Aaron Patterson and Chris White have impressed me so much with Airel because not only have they created a story that I have loved, but they've been able to weave together two seemingly independent plot lines and combine them together and create one that is bigger and more powerful for an ending that just WOW'd me. If that wasn't enough, they were able to write together - as two men - and create a young, female voice for Airel and make her believable. How amazing is that? Two dudes writing a believable gal? 

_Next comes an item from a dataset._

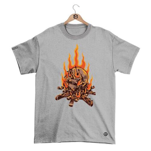 Camiseta Mafiaclub Gola Redonda Estampa CAVEIRA FOGO Streetwear fio 30.1 Penteado - Cinza - G

Airel and Michael - in my opinion - had the lesser of the story lines in the beginning, but by the end - I was very and invested into them because I'm hoping their story has not ended. Airel started out a regular teenage girl and developed well into this smart and sophisticated person...and I'm gonna stop there before I tell you the entire story. I'm just impressed with her growth and development through the book. As far as Michael goes, I need to know what is up with this guy and it is pretty apparent that I will find out with the next book, because it is titled Michael. His mystery and perfection started out being one that I rolled my eyes at a little bit - but as I read I truly became more and more intrigued because there is actually a reason for all of it. Now, with the ending of Airel like it was, I'm honestly having a fit for Michael's book. I'm having suspicions that all of the readers that didn't really connect with Michael in Airel could potentially do so and soon, and it is really exciting to find out if I'm right or not...

Friends, I'm just thrilled to have the opportunity to read such a beautiful book. The cover is beautiful, the story is amazing and deep and thrilling, and I loved it. I found such a talented team of writers in Aaron and Chris, and I'm impatient to see what they'll come up with next. (Please hurry, guys!)

Airel will appeal to fans of

Contemporary/Coming-of-Age, Paranormal, Fantasy Genres
 
Battles of Good vs. Evil
Multiple Settings (time & place)
Multiple POV's
Fallen Angels/Warriors (yay Swords!)
Romance - Insta-Love with No Love Triangle
Stories with Strong Familial Ties 
Plot-Driven AND Character-Driven Stories
Betrayal

Airel by Aaron Patterson & Chris White 
is currently available for purchase.


**I received a review copy from the authors in exchange for an honest opinion and review. I received no compensation for my thoughts. Thank you SO MUCH Aaron, Chris, and StoneHouse Ink!